Can't stand the heat? Laurie David wants you

Ray Richmond
I'm really glad that I don't drive an SUV or else I might have had to take a sledgehammer to it when I recently met Laurie David for an interview in Santa Monica.

As the high priestess of the accelerating global-warming movement, David -- wife of career misanthrope Larry David of "Seinfeld" and "Curb Your Enthusiasm" fame -- isn't big on gas-guzzling monstrosities. She drives a Toyota Prius hybrid and would love others to do the same. The overconsumption of fossil fuels, after all, is what's helping drive the catastrophic rise in the Earth's temperature.

And so David has made it her life's mission the past several years to spread the word about this time bomb that's poised to detonate and wreak havoc with our lives. Besides fundraisers and events, she's now involved in a pair of projects designed to stoke awareness of the issue. First up: "Too Hot Not to Handle," a primer on the effects of global warming in the U.S. that's airing on HBO this Saturday (which happens to be Earth Day) that David exec produced.

Then there's "An Inconvenient Truth," a documentary feature being released into theaters in May that focuses on Al Gore's lifelong commitment to environmental causes in general and global warming in particular. David is one of three producers on the film.

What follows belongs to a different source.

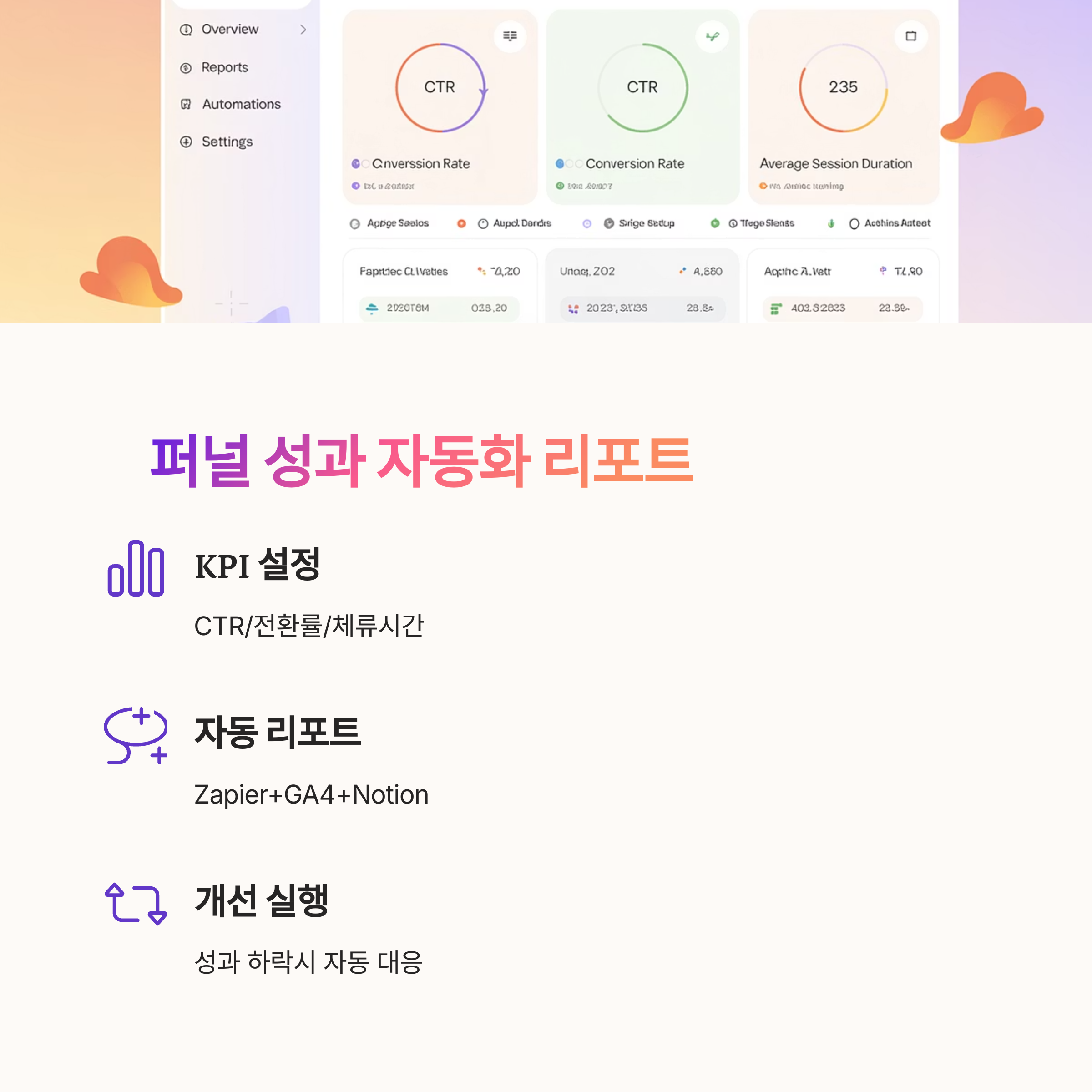 - Zapier + GA4 + Notion → 자동 KPI 리포트화

Besides that, David is particularly giddy these days because her goal of "permeating popular culture" is at last coming to pass. Amidst frightening reports of deadly heat waves and the melting of the Polar ice caps, Hurricane Katrina added fuel to the campaign as an example of a climate in turmoil. There was also last month's global warming cover story in Time magazine and this month a "Green Issue" of Vanity Fair.

"They also just ran a 'South Park' episode about hybrid cars and 'smug alerts' in California," David says. "It was satire, but it made a great point."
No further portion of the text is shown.